The report, which was released on December 10, showed that Queensland was sitting on double the amount of coal than previously estimated.

It revealed that Queensland had 63 billion tonnes of raw coal in-situ, which was an increase of about 29 billion tonnes on the previous 2010 estimate.

The 63 billion tonnes included more than 14 billion tonnes of coking coal, which is essential to the production of steel for the building and manufacturing sectors.

The report showed measured and indicated amounts of coal equalling 32 billion tonnes within the Bowen Basin, 16 billion tonnes in the Galilee Basin, nearly 9 billion tonnes in the Surat Basin and about 5.5 billion tonnes elsewhere in the state.

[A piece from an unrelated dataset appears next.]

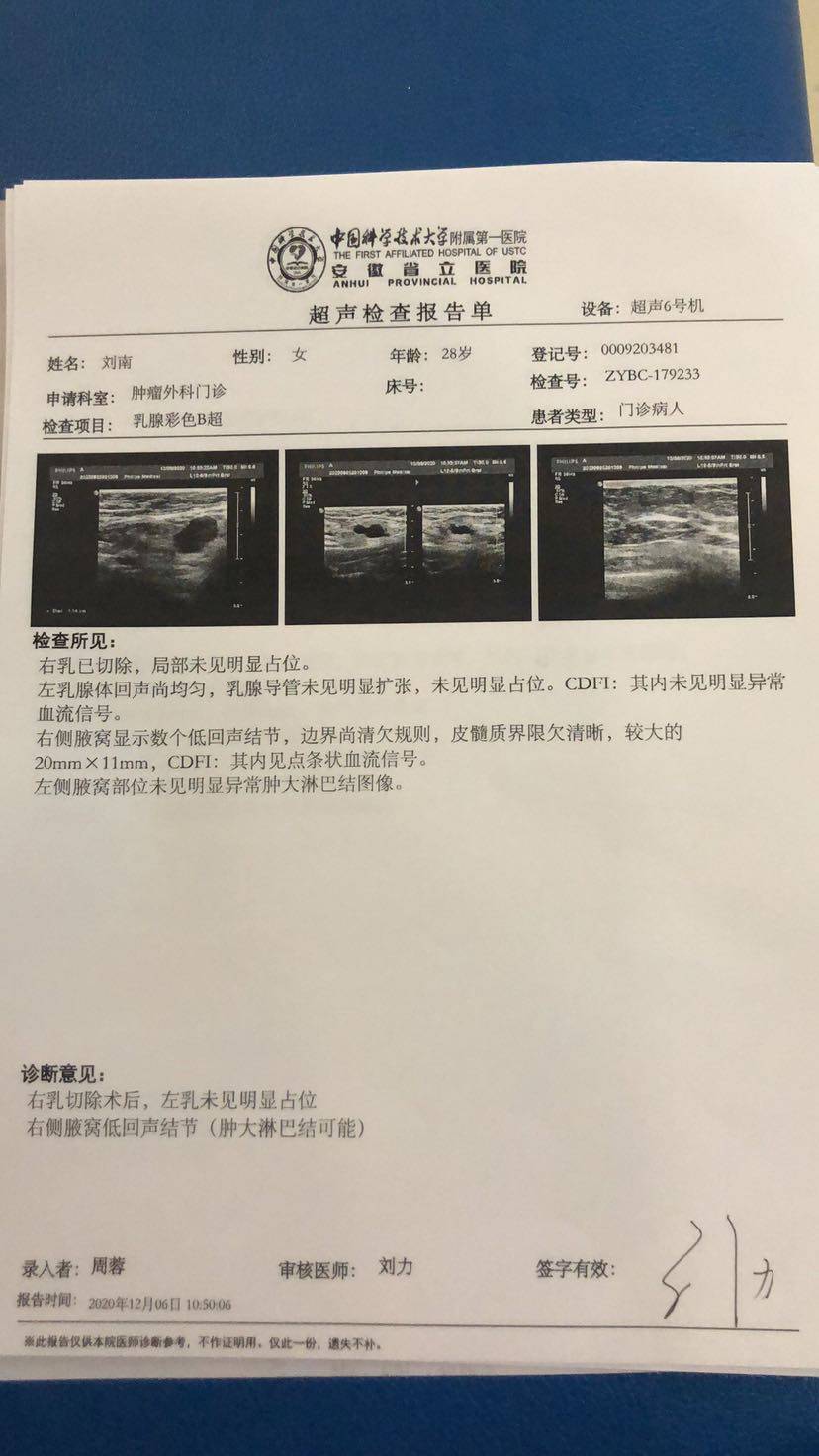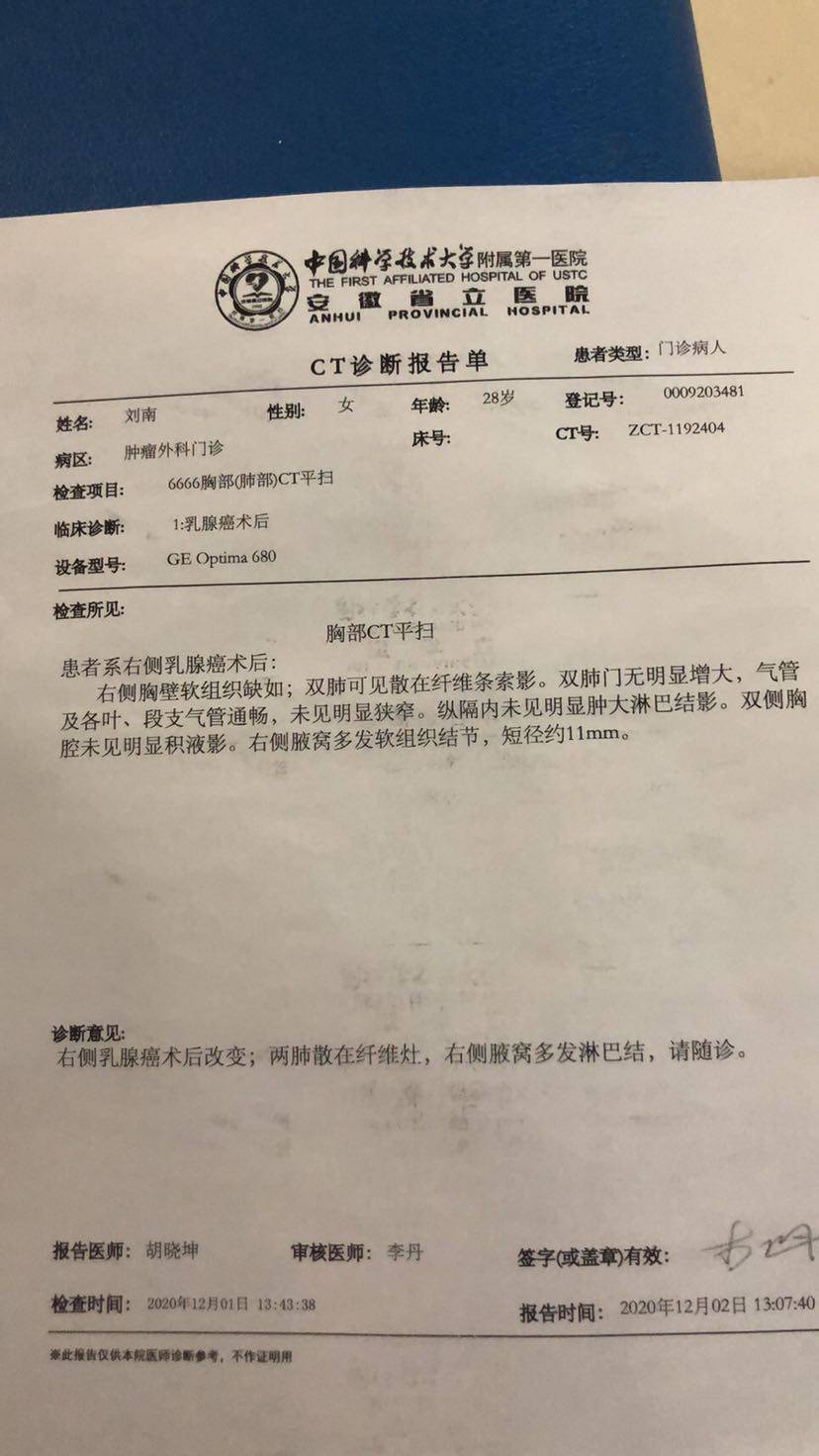 上午等到十一点左右轮到我,医生从上往下依次检查,我说做ct显示有肿大淋巴结,然后医生医生重点检查了右侧腋窝,说确实不好,我说是不是复发转移了?他说,这个不敢确定,还是跟你的医生联系,看接下来怎么办。医生边检查边说,能够看到的不好的淋巴结有四个,其他还有一个小的,当时没进行腋窝淋巴清扫,还是埋下了隐患。

Chief geologist Tony Knight said a resources boom and increased exploration had allowed a better estimate of the amount of available coal since the last report in 2010.

“The resources boom over the last eight or nine years and a lot of coal exploration has allowed us to better define the amount we have,” Mr Knight said.

“We know that we have about double the amount of coal compared to 2010 and we still have a lot of coking coal.

“It certainly confirms Queensland’s reputation as a world-class resource state.”

Queensland Resources Council chief executive Ian Macfarlane welcomed the findings of the geological report

“Our cities and our regions have been built by the resources sector, and there’s still so much potential,” Mr Macfarlane said.

“Despite activists claiming Queensland is running out of coal, the facts prove the opposite, with tens of billions of tonnes of coal in reserve, including more than 14 billion tonnes of coking coal which is used to make steel needed for building the world’s infrastructure.

“We must ensure that Queensland has consistent, transparent and stable regulations that give all projects a fair go, in order to turn our enormous potential into a reality.”